Anyway, it seems like there is some other thing going on. I would limit the Sonos to one speaker then test. Add another, then test. Etc. At least isolate when the problem happens. I had a speaker next to a router once that killed my wifi. ;)
--DerrekWill do, The bridge is close to the router though? This was my original thought on the interference, but it is necessary for Sonosnet.
- dleuteFeb 14, 2017Apprentice
The bridge isn't a speaker. It doesn't generate a magnetic field of significance (or it shouldn't). I had an 8 inch bass speaker blasting into an older router. Wasn't a good plan.
It doesn't hurt to separate by a few feet (length of a short ethernet cable), but it shouldn't be necessary. Also, a bridge is always on. Any interference shouldn't change *unless* it is 2.4ghz interference from the basic sonosnet. I don't think the bridge would repeat the 5ghz network. But I don't know the details about sonos 5ghz network.
--Derrek - DynamiteboyFeb 15, 2017Tutor
These 2 articles are giving me some interesting testing ideas. Do you think it would be smart to wire in all Sonos components? The first article recommends this.
- dleuteFeb 16, 2017Apprentice
My gut feel is it's not a good idea. The issue is Sonos uses a protocol called STP. This protocol is designed to deal with network loops in this kind of broadcast networking. The problem is it's behavior is unclear when mixing with multi-point mesh networks via wireless. I think this has been the issue with eero and Sonos. One of the articles mentioned it briefly.

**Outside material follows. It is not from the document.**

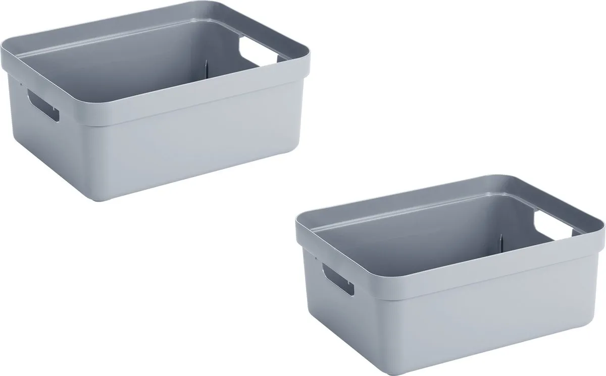2x stuks blauwgrijze opbergboxen/opbergdozen/opbergmanden 24 liter kunststof. Door het moderne design en de luxe uitstraling van de boxen kun je deze opbergboxen/opbergdozen prima in de woonkamer of slaapkamer plaatsen. Deze box is bijvoorbeeld geschikt voor het opbergen van rondslingerend speelgoed, breiwerkjes of het opbergen van boeken. Ook ideaal voor in de badkamer of in de voorraadkast. De mand heeft handgrepen waardoor je ze gemakkelijk kunt dragen. Formaat: ongeveer 45,3 x 35,4 x 18,3 cm. Materiaal: kunststof. Aantal boxen: 2x. Deksel: geen. Inhoud: ca. 24 liter. Kleur: blauw grijs. Opbergdozen/opbergboxen/manden voor het opbergen van spullen.

However, doing it won't hurt anything (might crash the ethernet network instead). So if it solves your problem, might be the answer for you.
You shouldn't need to decativate the network in the sonos device. It prefers wired if it's available. I'm not sure how 5.1 works when all wired.I would still love to know if this happens on both 2.4 and 5ghz connections. And if it's definitely only limited to the 5.1 mode.
--Derrek - dleuteFeb 16, 2017Apprentice
Have you considered other wireless devices? Wireless phones? baby monitors?
- DynamiteboyFeb 16, 2017Tutor
None of those are in the home, its just so immediate the drops when Sonos is playing it is clear the interference of sorts is coming from Sonos.
- DynamiteboyFeb 19, 2017Tutor
Baisc Results of what happened with my testing yesterday.
- -Change Channels again (1,6,11)
- Still experiencing Speed Drops
- -Changed Orbi Channel width to not support 40/20 simultaneously (Can't remember exact setting name)
- Still experiencing Speed Drops
- -Test wired connection speed to Router while playing music
- No issues
- -Test wired connection speed to satellite while playing music
- No issues
- -Disabling 2.4 ghz band completely and test
- Still Experiencing Speed Drops, seemed to reduce interference though Enabled saw speeds drop to 100 kpbs while playing Sonos.
- -Disable 5.8 ghz completely and test
- Not relevant most likely
- -Wire in as Many Sonos devices as possible
- Reduced interference but still only pulling 50 max with Sonos playing all day.
Not sure what Orbi and Sonos have against eachother, but because I cannot tweak settings on the backhaul between the 2 of them regardless of whether this is the issue I have kind of given up on Orbi. If I knew the house had wired drops, Orbi would not have been my first choice anyways, so now onto Google Wifi, and then to Unifi for some wired backhaul AP's.
Have decided to give Google Wifi 3 pack a try. One question, there is an area in the home (the kitchen/dining room area) that just gets poor coverage in general, but there is not a single network drop there. Can I do a wired backhaul for 2 of the google wifi points and one of them be wireless mesh?